++++ Entries supplied ++++

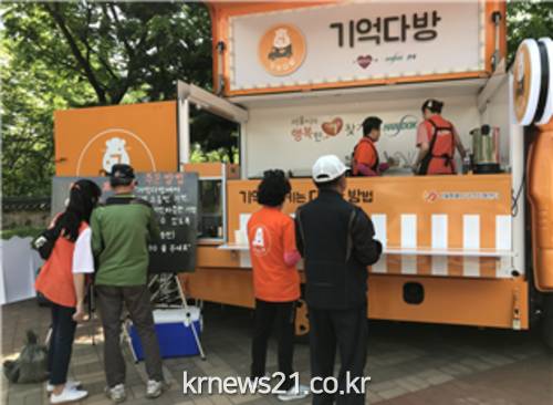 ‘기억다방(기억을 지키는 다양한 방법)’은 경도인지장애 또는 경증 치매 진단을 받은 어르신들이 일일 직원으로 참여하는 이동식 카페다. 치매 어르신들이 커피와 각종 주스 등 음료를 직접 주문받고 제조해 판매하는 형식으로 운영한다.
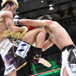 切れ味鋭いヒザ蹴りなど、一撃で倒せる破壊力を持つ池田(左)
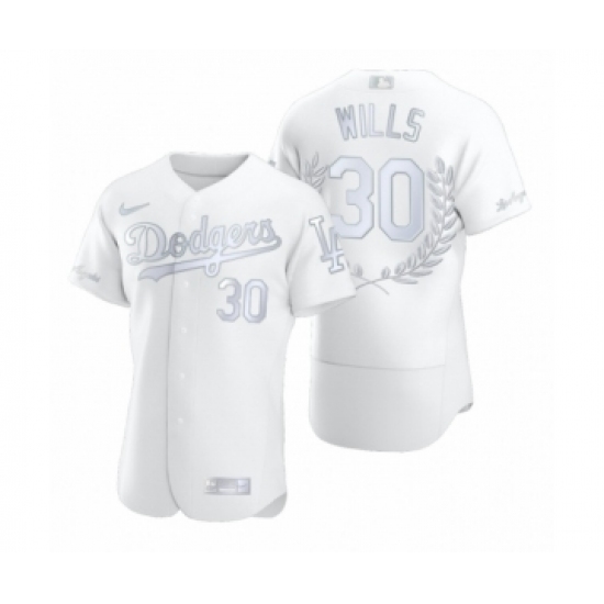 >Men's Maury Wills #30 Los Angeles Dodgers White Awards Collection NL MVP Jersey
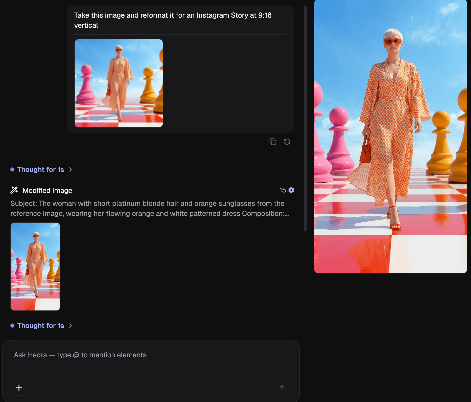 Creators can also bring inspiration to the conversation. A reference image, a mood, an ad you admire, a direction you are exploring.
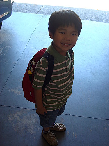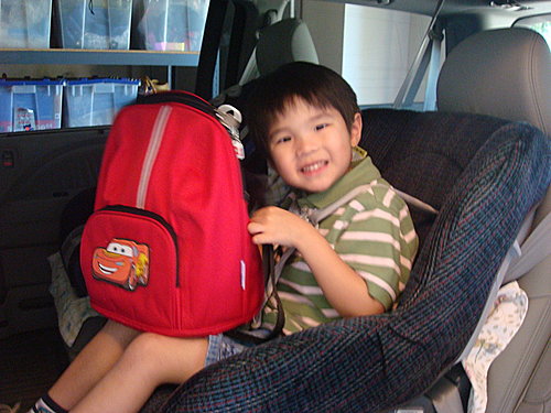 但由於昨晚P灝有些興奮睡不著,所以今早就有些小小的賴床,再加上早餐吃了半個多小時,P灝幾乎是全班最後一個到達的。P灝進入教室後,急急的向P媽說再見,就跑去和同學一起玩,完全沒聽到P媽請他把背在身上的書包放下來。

++++

**Activity**
Copy nothing but the lines from the line that contains "NL MVP Jersey" through the end of the listing, exactly, and keep pictures out of it.

**Response below**
 >Men's Maury Wills #30 Los Angeles Dodgers White Awards Collection NL MVP Jersey
 Creators can also bring inspiration to the conversation. A reference image, a mood, an ad you admire, a direction you are exploring.
 但由於昨晚P灝有些興奮睡不著,所以今早就有些小小的賴床,再加上早餐吃了半個多小時,P灝幾乎是全班最後一個到達的。P灝進入教室後,急急的向P媽說再見,就跑去和同學一起玩,完全沒聽到P媽請他把背在身上的書包放下來。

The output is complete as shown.